The water boiled and bubbled furiously. Geela put all her Valkyrie strength into tugging. At first, nothing happened. Perrin kept up an onslaught of crackling energy at the water as Mavery kept up her chant. Something budged. The rope slackened, and she pulled it in.

“Keep it up, it’s working!” Geela shouted.

Slowly but surely, the ship rose out of the water. The mast broke through first, and then the railings of the ship followed, and then the hull with the gaping hole in the side appeared.

Perrin drew her hands up, drawing water from inside the boat like a fountain spraying through the air until the little ship bobbed on the surface.

Mavery pointed a finger at the hole, sending a small blast of witchfire to dance around its edges as she shouted, “Mighty Skidbladnir, you were built to carry the gods. One little hole cannot destroy you!”

The ship vibrated, rattling its timbers. They stopped to watch as light began to glow around the edges, lighting up every timber in the ship. Then the hole began to fill in, inch by inch, until it was sealed up. The ragged tears in the sail stitched themselves up, and the grime and holes in the deck from the giant squids repaired themselves until the ship was shiny and new again.

Mavery clapped her hands, squealing with glee. Geela dropped the rope, panting with exhaustion. “You did it!” She hugged the little witchling. Perrin just grinned, nodding as she folded her arms. “Mavery did it,” she said, giving her a wink.

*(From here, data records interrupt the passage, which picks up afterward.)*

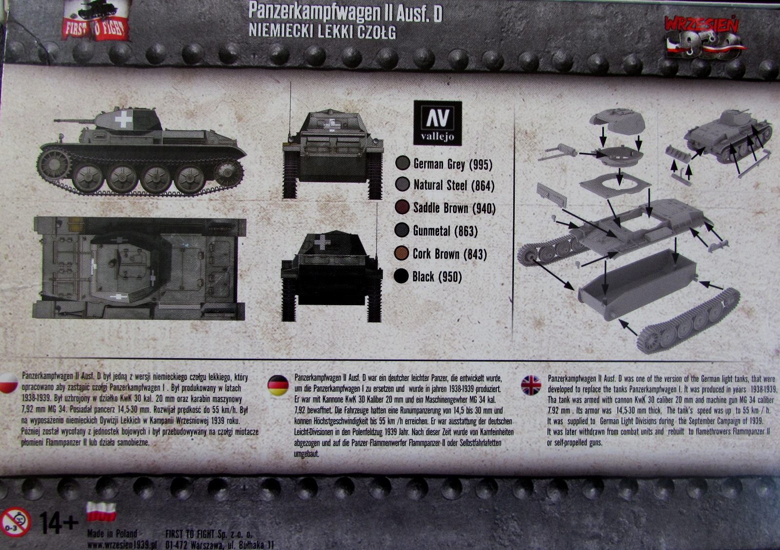 Инструкция традиционно для данного журнала дана на обратной стороне коробки. Там же и схема окраски. Декаль есть - четыре белых креста на 1939-начало 1940 гг. Чуть позже добавлю фото декали.
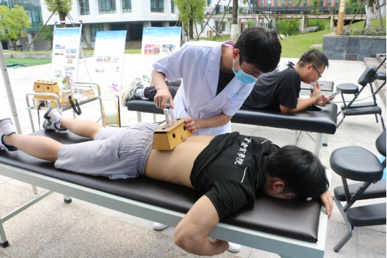 为全面展示学院办学特色和办学成果,营造全社会关注职业教育、重视职业教育的良好氛围,5月11日下午,主题让生活更美好的职业教育活动周在学院仁济广场和各二级学院实训室展开。康复学院的学子在此次职教周活动中展现出了极高的专业水平和有温度的康复人素养。此次职教活动周康复学院在仁济广场、S-E-T悬吊实训中心、推拿按摩实训室开设专业介绍和专业技能展示点。值得一提的是此次职教周,康复学院的师生组织了一支特遣小分队,深入行政楼四、五楼职能处室,为老师门提供一次上门康复服务,收获了职能处室教师的一致好评。
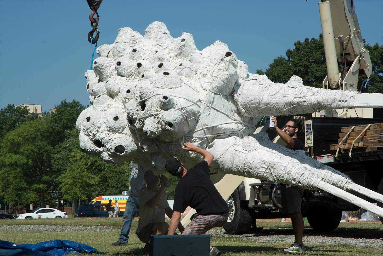 Migration is a nonument for a home threatened, yet resilient in the face of displacement and climate change. Migration brings to light marginalized communities in the urban ecosystem of Washington DC. Symbolically, these nests are much like neighborhoods now on the move, embracing, adapting, or resisting forces of gentrification sweeping the city. Practically, each piece provides respite along the Atlantic Flyway for birds, more than half of which are changing their nest sites and migratory patterns on an unprecedented scale to adapt to habitat loss as a result of warming temperatures. At the same time, many urban residents may be asked to leave their homes as a result of un-inclusive urban redevelopment strategies.
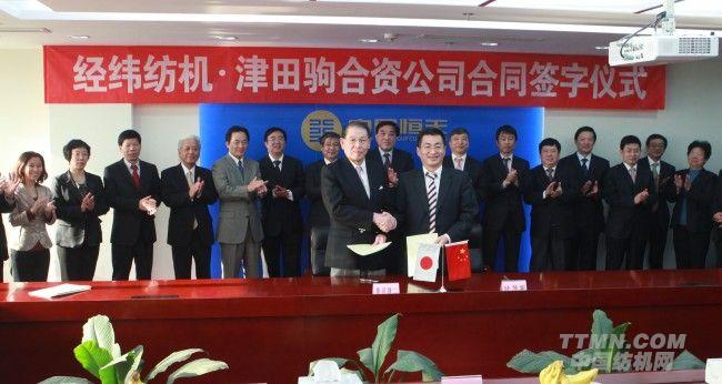 签字仪式上,王天凯会长指出,经纬纺机与津田驹的深度合作等待了近30年,这次双方合资成立经纬津田驹纺织机械(咸阳)有限公司体现了双赢,对中国纺织行业的发展是一件大好事。日本津田驹工业株式会社社长菱沼捷二说,合资公司成立后,将与经纬纺机密切合作,大力开拓中国织机市场,并向国际化进军。
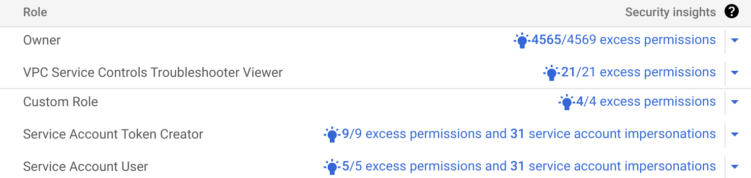 Per ogni ruolo concesso a un principal, questa colonna mostra eventuali approfondimenti relativi alla sicurezza. Questi insight evidenziano i pattern di accesso alle risorse da parte delle tue entità. Ad esempio, alcuni approfondimenti evidenziano le autorizzazioni in eccesso o le autorizzazioni di cui un'entità non ha bisogno. Altri approfondimenti mettono in evidenza i service account con funzionalità di movimento laterale:
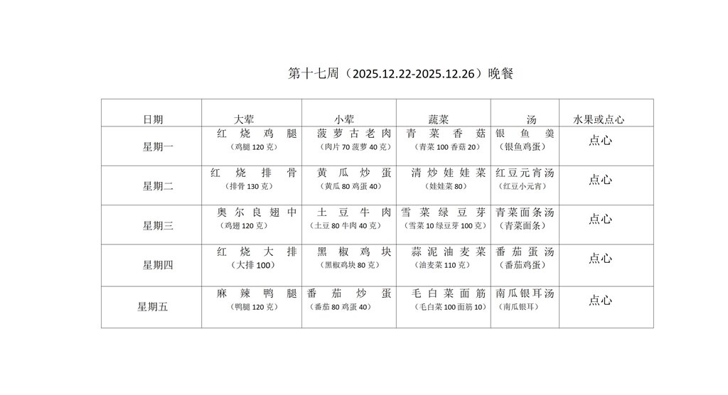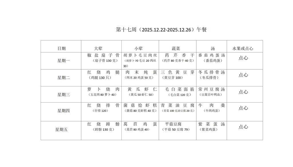 正衡中学天宁分校2025-26学年第一学期第十七周菜单
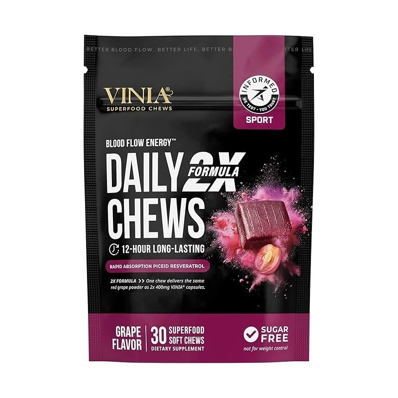 - RED GRAPE CELL CHEWS FOR BLOOD FLOW & CIRCULATION: Enjoy the benefits of red wine—without the alcohol or sugars—in every convenient chew. Each VINIA DailyChew delivers the same red grape cell polyphenols as 2 VINIA capsules, 2,000 grapes, or 2 bottles of red wine. Designed to boost Nitric Oxide (NO) and reduce Endothelin-1 (ET-1), it increases arterial dilation and improves healthy blood flow, supporting the delivery of more oxygen and vital nutrients throughout the body.
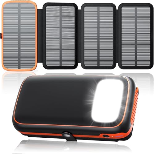 WOWMVP Batterie Externe Solaire 26800mAh, PD15W Chargeur Solaire Power Bank Portable USB C 3A Charge Rapide avec 3 Ports, Câbles et Lampe pour Smartphone, Tablette, Camping et Plus (Orange)
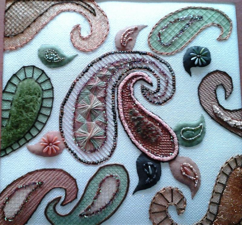 Texture as A Design Element, an all-level class, will show you how to add texture to your canvases.   After an informative visual presentation, students can choose to stitch small samples of all examples; or stitch a paisley design using the different techniques.   The kit will include all supplies, including many different types of thread, a 14” x 14”, 18 ct. white-opalescent mono canvas, and Ultrasuede™.  This is a 2-day class.
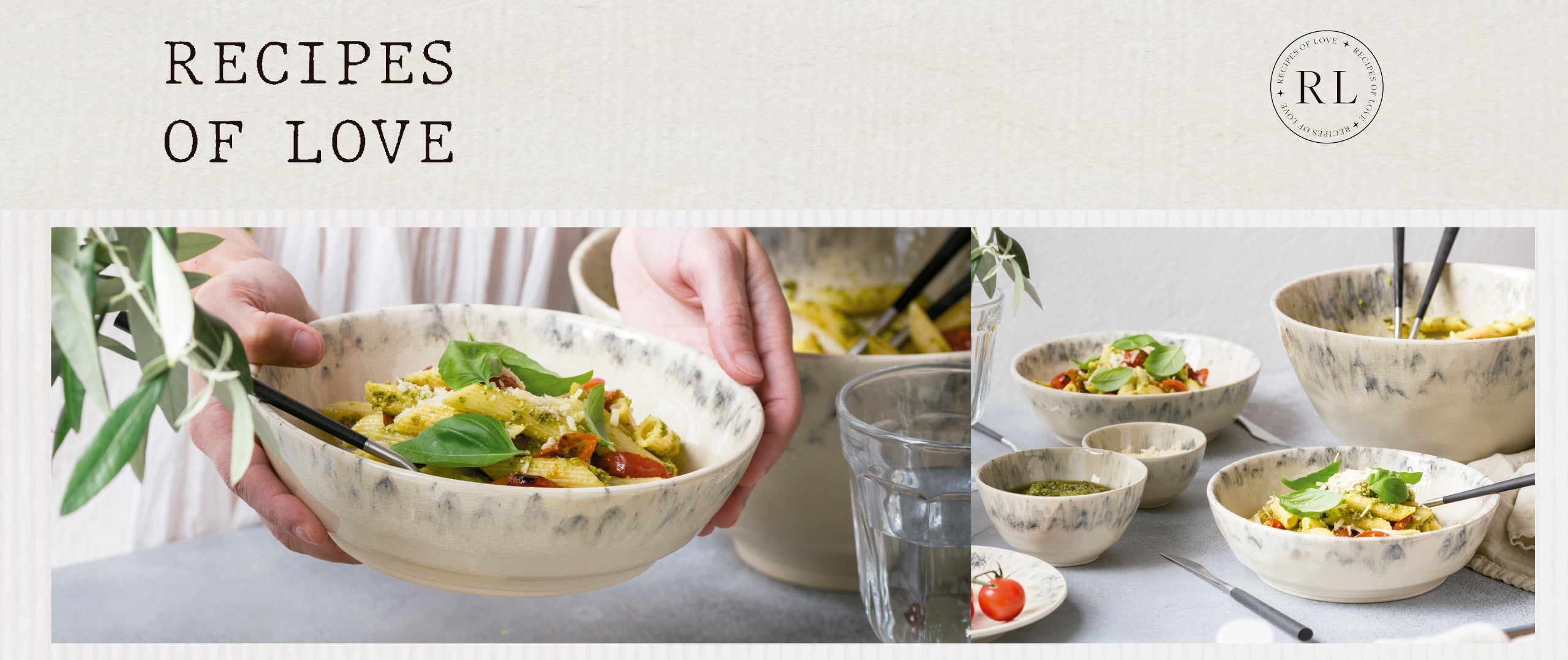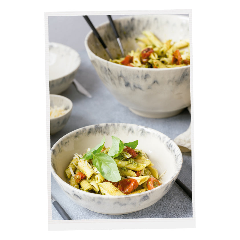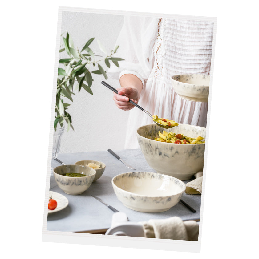 July love letter. To longer days, to golden sunsets, to sharing food at the table. Summer brings us closer, and makes us gather more often in beautiful tables, with most delicious food. Salads are always welcome and the combination of pasta, pesto, basil and tomato is just wonderful and so easy to prepare. Set your table with the loveliest tableware and enjoy your summer meal.

A long plank extended from the boat to their stone pier. Mavery skipped on board. Geela strode to the wheel, grasping it with both hands. “Take us to Skara Brae!” she shouted. A crack opened up in the ceiling. Rocks fell until a small hole opened up. Stars twinkled through the opening. The ship launched itself in the air, and they sailed out of Helva’s underworld into the night sky.